How to Make Kombucha

Kombucha is a staple in our home. We drink it plain, we drink it flavored. No matter how you like it, you can make kombucha at home easily and affordably.

Everything about kombucha is unbelievable. When I tell folks I drink kombucha, they respond with, “What’s kombucha?”

When I tell them that you need to start with a mushroom, they ask, “You ferment a mushroom?”

And then when I try to explain that it’s not a true mushroom, that the start is actually called a SCOBY, they respond with, “Now, you’ve lost me!”

How to Make Kombucha |

About Kombucha

I was first introduced to kombucha with the tale that this miraculous drink prevented the residents of a certain Ukrainian village from becoming ill from radiation exposure following an accident at a Chernobyl nuclear power plant accident in 1986. One source described the incident as the “most disastrous single nuclear event in history.” Chernobyl is now a ghost town.

How true this claim is, I have no idea. But the thought that a drink I could make in my own kitchen could possess such health supporting properties intrigued me enough that I had to give it a go. And it was a hit, at least with me.

The Family and Kombucha

I love kombucha. With that first sip, I thought, “Hmm. Tastes kind of like champagne.” It has a slight effervescence that will replace your desire for carbonated beverages. I could drink it instead of water.

My family, not so much. Then a son returned from the mission field to find that tell-tale bowl on the counter.  He was ecstatic. In fact, I couldn’t make it fast enough to keep him and me in supply. You see, he was introduced to this amazing thirst-quenching drink at the mission where he worked and it helped him to stay hydrated in the tropical climate.

I’m sure by now you want to know how to make kombucha. Well, hold on to your hat, because I’m going to tell you.

Fermented Beverages

How to Make Kombucha

To make kombucha you need a SCOBY (also called a mushroom or mother). It is the start that will begin the fermentation process.

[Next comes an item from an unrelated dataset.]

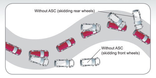 Active stability control (ASC) controls over steer, under steer effects and prevents skidding

SCOBY is an acronym for symbiotic colony of bacteria and yeast. (Maybe I’ll explain that in another post.) You can get a SCOBY from a kombucha-loving friend, or order it from a distributor.

You will also need:

• Three quarts of water

• Four to five black tea bags

• One to one and a half cups of white sugar

• Six ounces of kombucha as a starter

• A large clear glass bowl that will hold a gallon or a gallon jar

• Thin tea towel or piece of muslin

 The process:

• Bring the water to a boil.

• Add the sugar and stir until it is dissolved.

• Remove your pot from the heat and add four to five black tea bags.

• Let them steep for 10 minutes.

• Remove the tea bags and let the tea cool for about 20 minutes.

• Pour tea into a clear glass container.

• Once the tea reaches room temperature, add the starter kombucha and place the SCOBY on top to float.

• Cover the bowl or jar with a thin, cotton cloth (You will need to secure it with a rubber band to keep it from blowing off or falling in the bowl.) and allow to sit for seven to 10 days.

• When the kombucha is done, remove the SCOBY and its baby (it will create a new one and they will be attached) and strain the liquid through a muslin-lined funnel or fine-mesh strainer into a glass jar. Save your SCOBY’s to make your next batch.

The Second Ferment

If you look at other places online, you will find folks discussing second ferments. I have done this, and the process can actually improve the flavor of your kombucha. In fact, since I started practicing second ferment, the rest of my family can’t get enough kombucha either.

To second ferment, you place some fresh or dried berries, grated ginger, sliced lemons or limes, or whatever strikes your fancy, in the bottom of a quart jar. Pour the kombucha over the top and apply the lid. Let sit for a few days. (You need to remember to burp the lids a few times a day so that the jar does not explode!) This process infuses the fruit flavor into the kombucha and increases the carbonation in the drink.

So how about you? Have you tried kombucha? Do you make your own? We’d love to hear about your experiences in the comments.